Medizinische Vorrichtung mit einem Biomaterial, gebildet aus einem segmentierten Polymer mit Urethan-Gruppen und gesättigten linearen Polyethylenresten bzw. -teilen, wobei die gesättigten linearen Polyethylenreste mindestens 20 Kohlenstoffatome pro Rest haben.
Medizinische Vorrichtung nach Anspruch 1, wobei das Polymer im wesentlichen aus sich abwechselnden Urethan-Gruppen und saturierten linearen Polyethylenresten besteht.
Medizinische Vorrichtung nach Anspruch 1 oder 2, wobei das Polymer eine Verlängerung von mehr als 50% hat.
Medizinische Vorrichtung nach einem der voranstehenden Ansprüche, wobei das Polymer mindestens 30 Gew.-% saturierte lineare Polyethylenreste mit mindestens 20 Kohlenstoffatomen pro Rest basierend auf dem Gesamtgewicht des Polymers umfasst.
Medizinische Vorrichtung nach einem der voranstehenden Ansprüche, wobei das Polymer aus Isocyanat-enthaltenen Verbindungen und saturierten linearen Polyethylendiolen mit der Formel HO-(-CH₂-)_n-OH hergestellt ist, wobei n mindestens 20 ist.
Medizinische Vorrichtung nach Anspruch 5, wobei n mindestens 35 ist.
Medizinische Vorrichtung nach Anspruch 5, wobei n nicht größer als 45 ist.
Medizinische Vorrichtung nach einem der voranstehenden Ansprüche, wobei das Polymer ein Molekulargewicht von größer als 500 besitzt.
Medizinische Vorrichtung nach einem der voranstehenden Ansprüche, wobei das Polymer im wesentlichen frei von Schwefel oder Phosphor enthaltenden Gruppen ist.
Medizinische Vorrichtung nach einem der voranstehenden Ansprüche, wobei das Polymer phasentrennende harte und weiche Segmente umfasst, wobei die harten Segmente die saturierten linearen Polyethylenreste mit mindestens 20 Kohlenstoffatomen pro Rest umfassen.
Medizinische Vorrichtung nach Anspruch 10, wobei die weichen Segmente Silikongruppen umfassen.

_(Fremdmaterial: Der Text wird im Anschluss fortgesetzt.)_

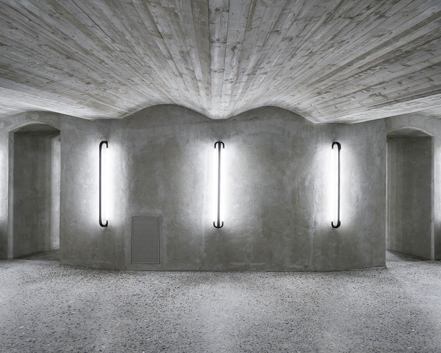 Die Wirkungsweise der 46 m weit spannenden Brückenkonstruktion lässt sich auf zwei substanzielle Elemente abstrahieren: eine gefaltete Platte als stützender Sockel – der eigentliche «Torbogen» – und die Wandscheiben (vgl. Abb.). Die beiden 45 und 27 Grad geneigten Druckplatten des «Torbogens» sind an ihren Füssen über die Decke des Untergeschosses miteinander verbunden. Diese Untergeschossdecke als Bodenplatte in der Verbindung zum Park ist vorgespannt und funktioniert statisch als Zugband. Die Decke ist somit Raumabschluss und Tragelement zugleich.
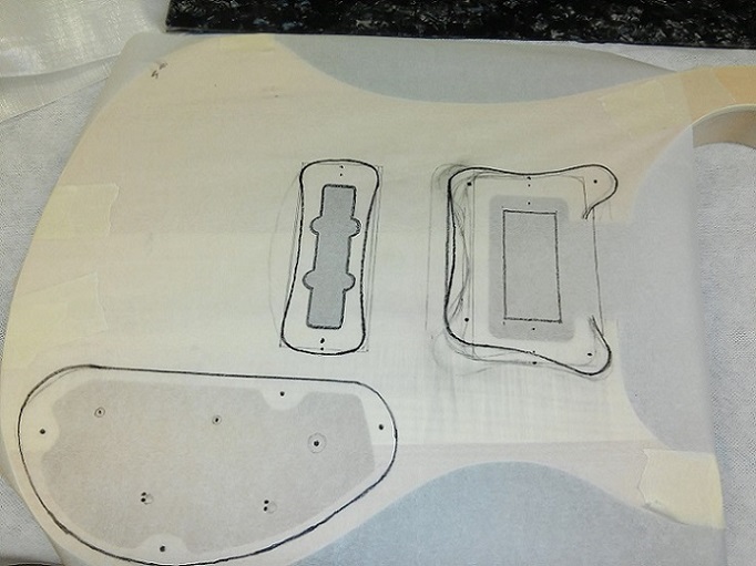 Then I decided to try making the templates for the custom pickguard. Had an idea one night to use transparent paper for it and this is how it looked. The straight translation from finnish is "butter paper" - donīt know what it is in english but the paper is used when cooking in the oven. Takes pencil and permanent marker well. Threw some ideas in the air and these are not likely the ones Iīm eventually gonna use, but if I wanted to show the flaming on the body I need to downsize the pickguard/scratchplate. Thought that it could be useful to someone planning the plates to try this method. Please feel free to throw ideas my way and comment.
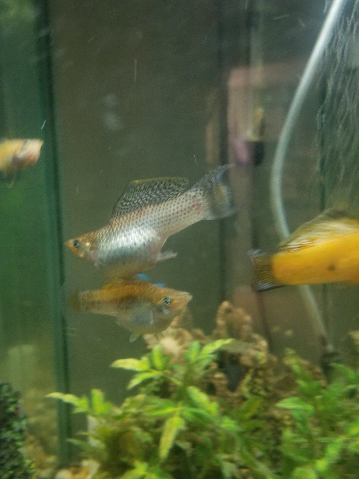 In the wild, female livebearers hang out in large groups consisting of between 20 & 50 (but sometimes up to 100 or more) females. These groups have a pecking order with the biggest most dominant female ruling the group and she has a group of girlfriends who back her up. All the other females live in the group but are lower down the pecking order.
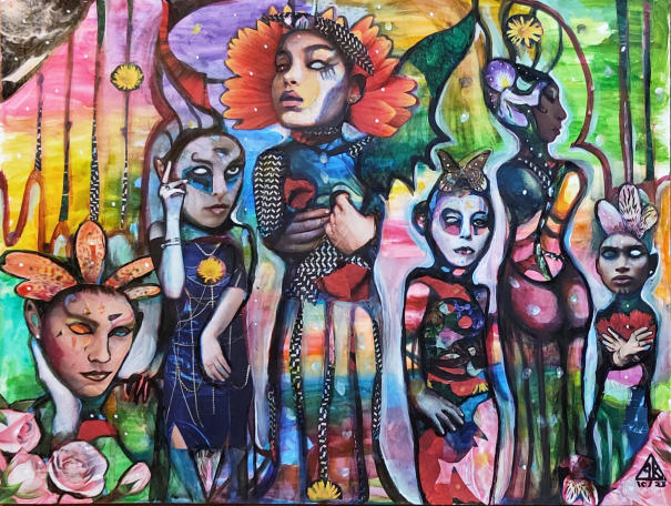 11" x 14" acrylic, watercolor, and paint pens on paper (2022)

Medizinische elektrische Leitung mit: (a) einer verlängerten Isolationsbiomaterialhülle gebildet aus einem segmentierten Polymer, wie in einem der voranstehenden Ansprüche definiert; (b) einem verlängerten Leiter, der innerhalb der verlängerten Isolationshülle lokalisiert ist; (c) einer Elektrode, die an einem distalen Ende des verlängerten Leiters angekoppelt ist; und (d) einem elektrischen Konnektor, der an einem proximalen Ende des verlängerten Leiters angekoppelt ist.
Verfahren zum Verwenden einer medizinischen elektrischen Leitung, wobei das Verfahren umfasst: Bereitstellen einer medizinischen elektrischen Leitung mit einer verlängerten Isolationsbiomaterialhülle, gebildet aus einem segmentierten Polymer, wie in einem der Ansprüche 1 bis 11 definiert; elektrisches Anbinden eines ersten Endes der medizinischen elektrischen Leitung an einer implantierbaren medizinischen Vorrichtung; und elektrisches Stimulieren oder Abtasten eines zweiten Endes der Leitung.